Data Brad

Performance analysis in sport is still a relatively new discipline within sports science, but an area that has picked up momentum rapidly. Sport is surrounded with mass data collection covering anything and everything. You will have all seen a heat map displaying the possessions of Cristiano Ronaldo playing for Real Madrid, how many unforced errors Nick Kyrgios has made during a set, how many offloads Corey Parker has done for the season and without a doubt you will have all seen the time Usain Bolt runs the 100m. These are all great for the average consumer, but they are all pointless without adding additional detail and expert information from the coaching staff. This blog will aim to give readers an insight into how basic data collection of an athlete’s performance can be used to monitor performances throughout a season in rugby league.

 

The concept of scoring player performances is not new. Soccer has its traditional out of 10 performance scale, which fans of the EA Sports game FIFA will no doubt check through their man of the match and take note of their player ratings.
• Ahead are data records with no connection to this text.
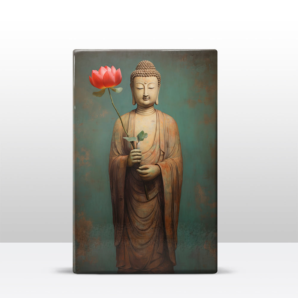 Boeddha met bloemen - Laqueprint - 19,5 x 30 cm - LP523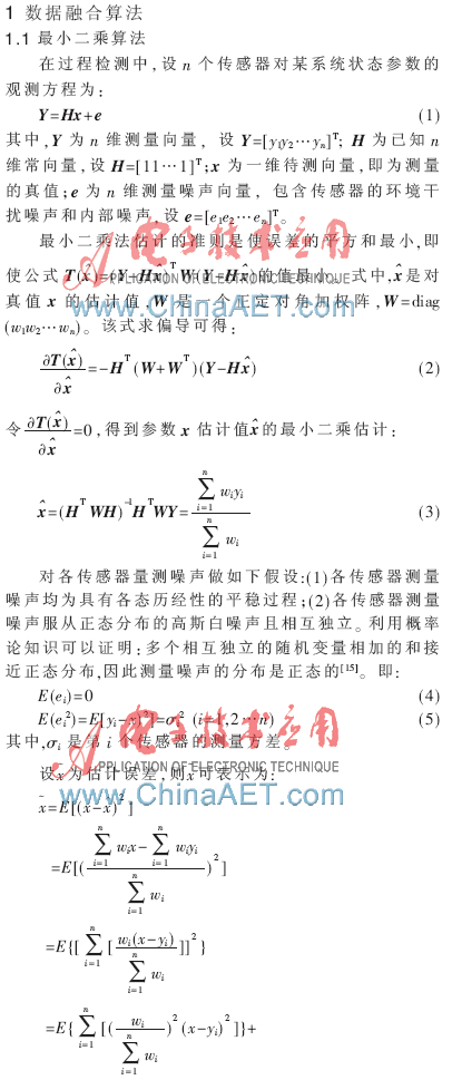 关键词:数据融合;多传感器;均方误差;最小二乘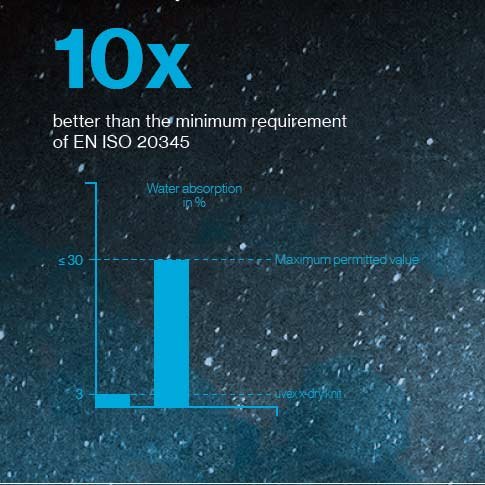 10x better water absorption than the minimum requirement of EN ISO 20345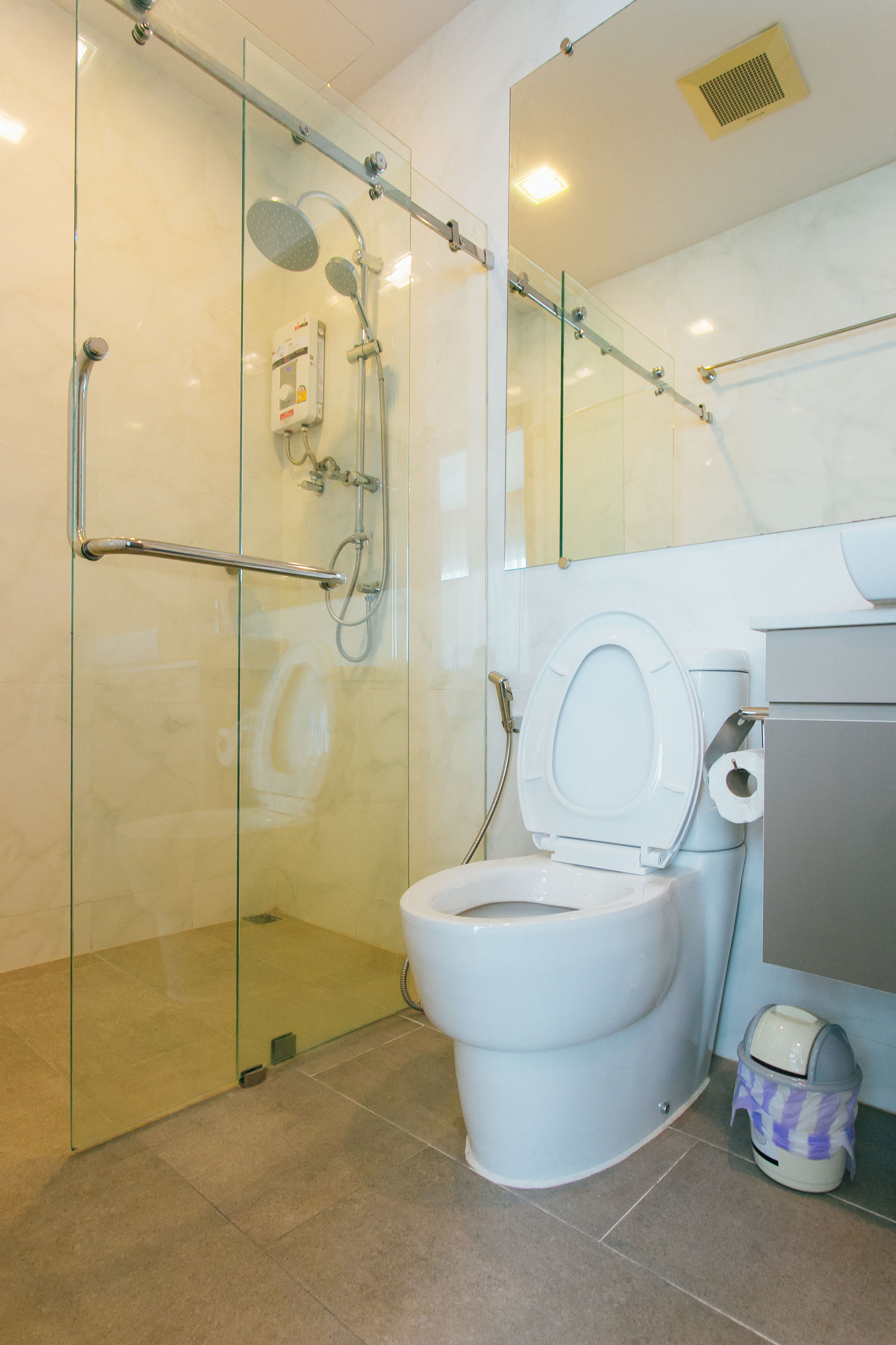 เพื่อความสะดวกสบายสูงสุด ห้องพักนี้ยังมีห้องสุขาแยกต่างหาก อ่างอาบน้ำและฝักบัว เพื่อให้คุณเลือกใช้งานตามความสะดวก นอกจากนี้ยังมีเครื่องเป่าผม ของใช้ในห้องน้ำ และผ้าขนหนูที่เตรียมไว้ให้ครบครัน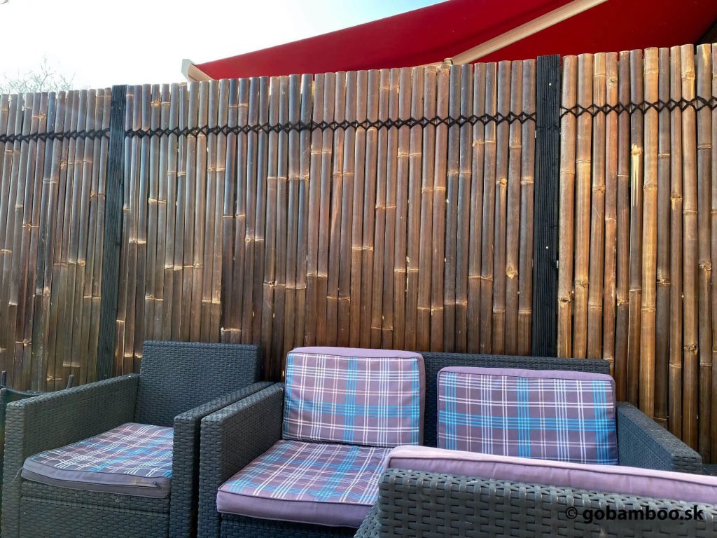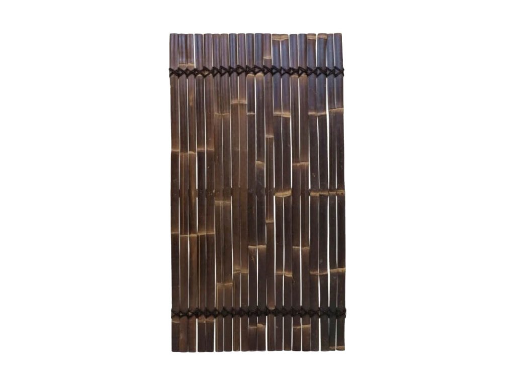Panel z bambusových lamiel tmavohnedej farby dodá vašej záhrade alebo terase krásny a exotický nádych. Tmavohnedé bambusové lamely v týchto oploteniach majú priemernú šírku 3 až 5 cm a sú spojené s vodorovnými bambusovými lamelami a prírodným čiernym lanom z kokosových vlákien , ktoré prechádzajú celou šírkou panelového plotu. Bambusové ploty z bambusových lamiel sú lacnejšou alternatívou pre panely z polkruhových bambusových tyčí a sú špeciálne navrhnuté na inštaláciu k existujúcemu drevenému plotu alebo k stene.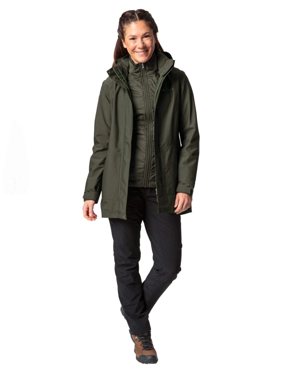 Mit dem »Idris 3in1 Parka III« von VAUDE bekommst du zwei vollwertige Jacken zum Preis von einer – beide Jacken sind gleichermaßen modisch und funktional. Die Damen Doppeljacke besteht aus einer wind- und wasserdichten Außenjacke sowie einer bequemen Hybrid-Fleece Innenjacke, die sich mit wenigen Handgriffen von der Außenjacke lösen lässt. Zusammen ergeben beide Jacken eine vollwertige Winterjacke mit höchster Funktionalität und hervorragendem Tragekomfort. Solo getragen bekommt man zusätzlich eine wetterfeste Übergangsjacke und eine Fleecejacke für kühle Frühlings- oder Herbsttage. Die weitenregulierbare Kapuze der Außenjacke lässt sich zudem unkompliziert abnehmen – konfiguriere dir deine perfekte Jacke für einen perfekten Tag!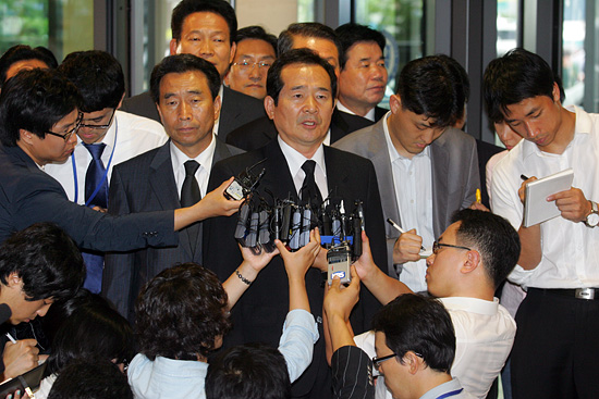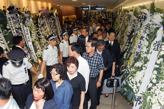 오후 6시 47분쯤, 병원을 찾은 김형오 국회의장은 빈소로 가는 길에 "어디 들어오냐", "이 한나라당 쓰레기들" 등 시민들에게 심한 욕설을 듣기도 했다.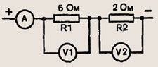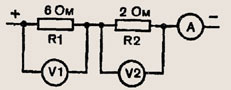 Вольтметр V1показывает 12 В (рис. 327). Каковы показания амперметра и вольтметра V2?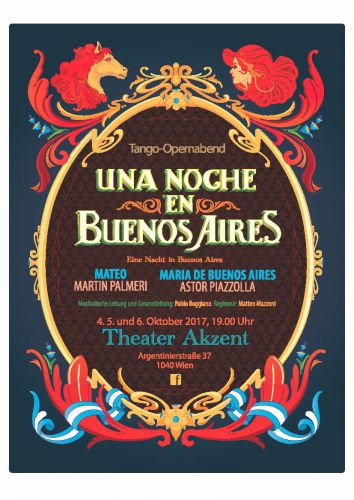 In den Hauptrollen sind zu sehen: Lisandro Guinis als der Kutscher Miquele in „Mateo“ und als Payador in „Maria De Buenos Aires“ und Liliana Rugiero als Doña Carmen in „Mateo“ sowie als „Maria in Maria De Buenos Aires“. Die künstlerische und Gesamtleitung der Tango-Opern-Abende verantwortet Pablo Boggiano. Er ist ein in Wien lebender und international arbeitender Dirigent aus Buenos Aires, der neben einem breiten klassischen Orchester-Repertoire auch seine Liebe zur (lateinamerikanischen) Chor-Musik und speziell zum Tango pflegt. Der Italiener Matteo Mazzoni konnte für die Regiearbeit gewonnen werden. Er bringt seine Erfahrung aus vielen Produktionen an italienischen Theatern und Spielstätten in ganz Europa ein. Derzeit ist er auch Direktor des Teatro Pergolesi in Jesi, Ancona. Es erwartet Sie ein Theatererlebnis voller Leidenschaft und intensivem Lebensgefühl. Freuen Sie sich auf Tango in seiner schönsten Form – als spannende Kombination aus Tanz, Musik, Poesie und Drama!
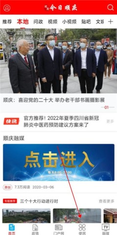 1、首先下载今日顺庆app,并打开软件进入主页。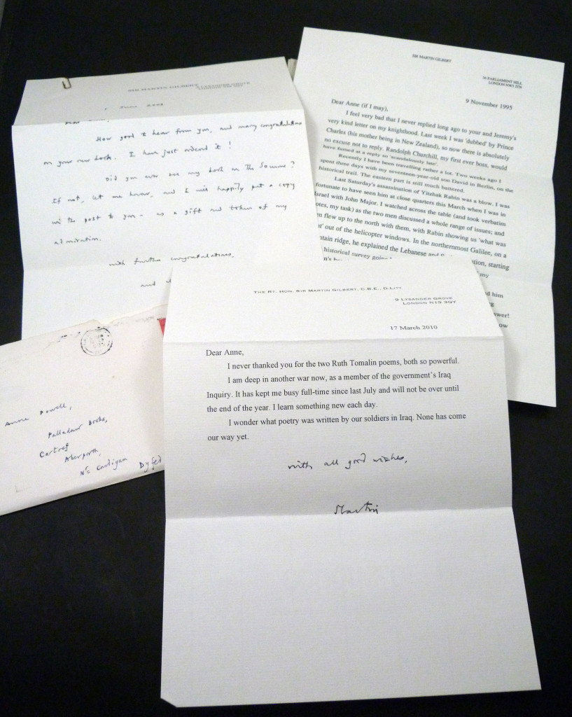 Loosely enclosed are five letters from Martin Gilbert to historian Anne Powell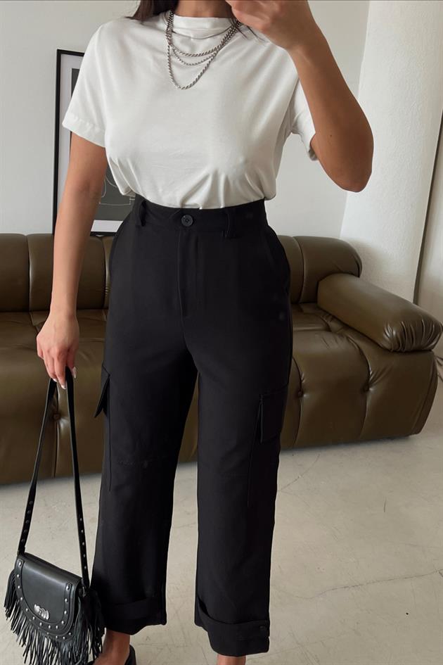 Side Pocket Detailed Trousers Black -11880 Categories: ,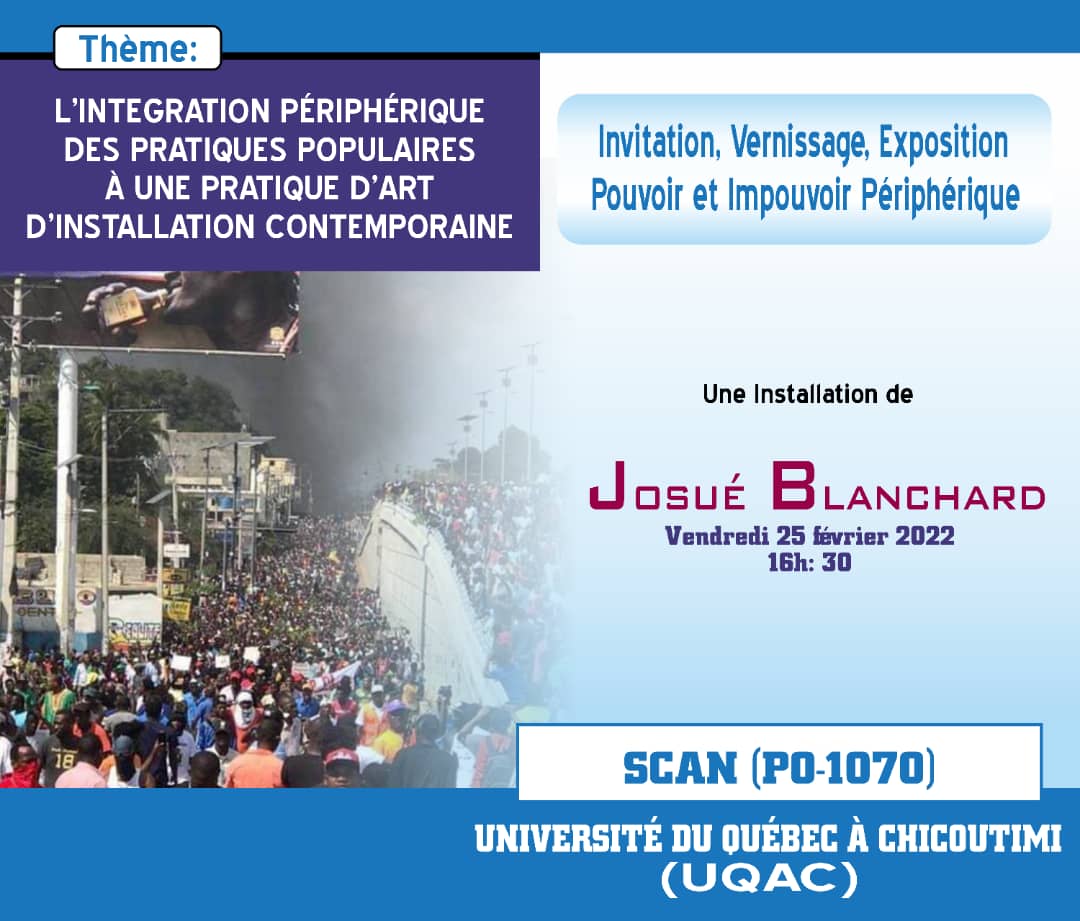 Josué Blanchard, membre étudiant du CELAT sous la direction de Constanza Camelo Suarez, vous invite, le vendredi 25 février 2022 dès 16 h 30, au vernissage de son exposition L’intégration périphérique des pratiques populaires à une pratique d’art d’installation contemporaine. Celle-ci prend la forme d’une « installation vidéo interactive qui met en relief le concept centre-périphérie et qui dénonce l’ingérence des forces interventionnistes occidentales dans les affaires interne d’Ayiti (Manman Libète) ». L’événement, qui se déroulera à l’Université du Québec à Chicoutimi, au SCAN (PO-1070), marque, pour Josué Blanchard, la fin d’une maîtrise en arts, volet recherche-création, consacrée notamment à l’étude des « pratiques populaires mettant en cause des phénomènes sociopolitiques perpétrés en Ayiti depuis plus de trois décennies ».

How does an athlete’s performance determine their overall match score? Around 4 or 5 years ago now I was lucky enough to be recruited as a performance analyst working on the international stage. One fundamental problem that was outlined by the coaching staff was that they needed to keep track of all qualified players across multiple competitions. There was plenty of quantitative and qualitative information available for analysis; the idea was to filter through what information was relevant and how it could be used. Most sports now have a holistic analysis provider that covers all aspects of individual and team performances. The system that was used in rugby league was Opta. This provided in-depth analysis that included all players. The ideal process would be to analyse each player’s performance using a bespoke system, but due to time constraints and the lack of manpower, it was hard to implement. By having Opta provide all performance actions in a quantitative measure, it was now down to the analysis. Using some basic correlations between actions performed on the field and match outcomes a scoring system was implemented with appropriate weightings. To win in rugby league, you need to score more points than the opposition team, so it was no surprise that scoring tries had the highest correlation to a successful performance. For ease, let’s suggest that a try was 10 points and an action that led to the opposition scoring a try (a missed tackle for example) was -10 points. Points were then awarded to each action to give a player an overall match rating score (MRS).

 

So we have the score, we have the video of all the games, and we now have a database stretching as long as Opta has been the service provider to the sport. The coaching staff bought into the system based on the data that was shown. A key selling point was the graph below, which identified the average player performance compared to the international squad that was picked for that year. The red represented the average performance of all players in the squad, where the blue represented the average performance of all players in the competition. The data showed that the squad selected performed 37.97% better than the average player, thus justifying the coaching staff’s selection.

 

Scoring_systems

 

This information was then used on all previous Opta data at the international level, and any new fixtures were added as they were played. This database was able to identify that the average score of a player when the team won was 63.84, where only one incident over a four-year period showed that the team lost when this target was achieved. This gave the coaching staff the one number performance score to be able to help with decisions around player selection for the squad. This has been an ongoing process for five years now and has resulted in the team taking a scalp of the number 1 ranked team in the world. The graph below shows the point’s difference between the top 2 teams in the world and how it has changed since 2011.

 

Table

 

Readers may see large similarities between the story of Moneyball, which since the emergence of the book in 2003 and even more recently in the Brad Pitt blockbuster released in 2011, has been a hot topic in the sport. By no means are these scorings systems the answer to all of the selection headaches that coaching staff go through, but it is something that is there to assist and offer guidance on selection policies by providing objective data to take away the emotional decisions all humans are susceptible to. It has been a long and gruelling process since 2011, but a point’s difference that seems to be getting closer sets up for an exciting Four Nations tournament in 2016.